Data provided:
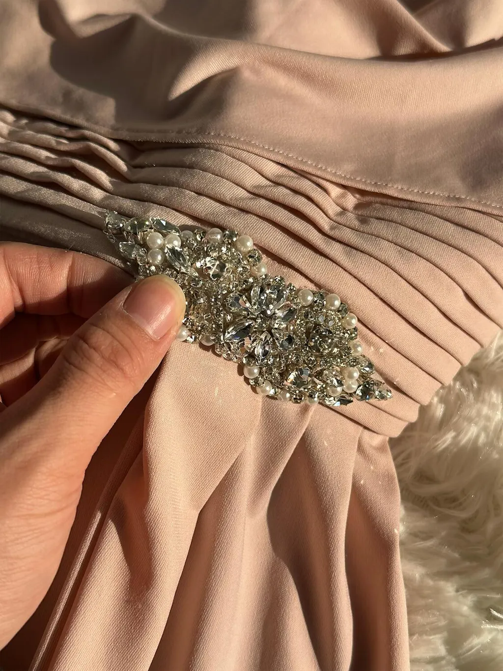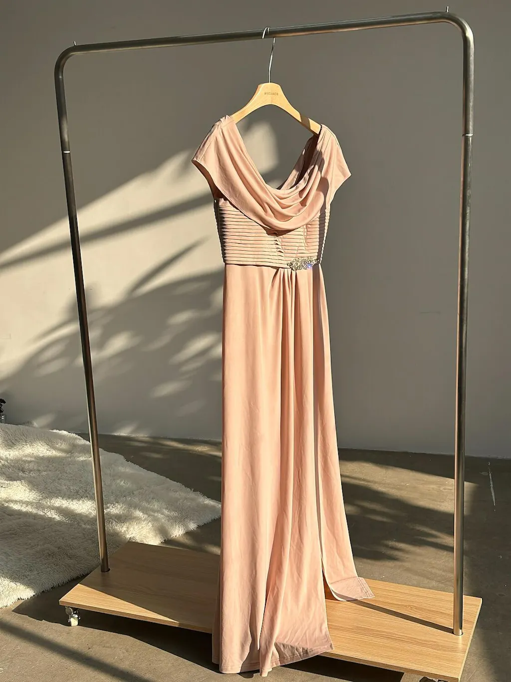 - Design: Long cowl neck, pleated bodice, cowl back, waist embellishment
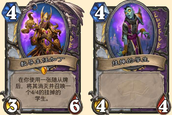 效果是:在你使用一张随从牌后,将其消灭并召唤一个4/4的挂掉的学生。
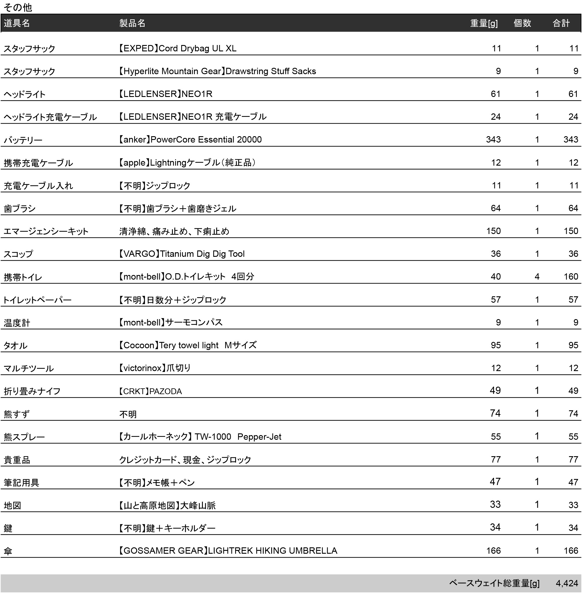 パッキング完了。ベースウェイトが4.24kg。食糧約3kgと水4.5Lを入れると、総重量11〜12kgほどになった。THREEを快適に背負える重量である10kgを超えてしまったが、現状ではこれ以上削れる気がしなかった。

Work instruction: The images are to be left out; every line above should be set down exactly.

Task answer:
 - Design: Long cowl neck, pleated bodice, cowl back, waist embellishment
 效果是:在你使用一张随从牌后,将其消灭并召唤一个4/4的挂掉的学生。
 パッキング完了。ベースウェイトが4.24kg。食糧約3kgと水4.5Lを入れると、総重量11〜12kgほどになった。THREEを快適に背負える重量である10kgを超えてしまったが、現状ではこれ以上削れる気がしなかった。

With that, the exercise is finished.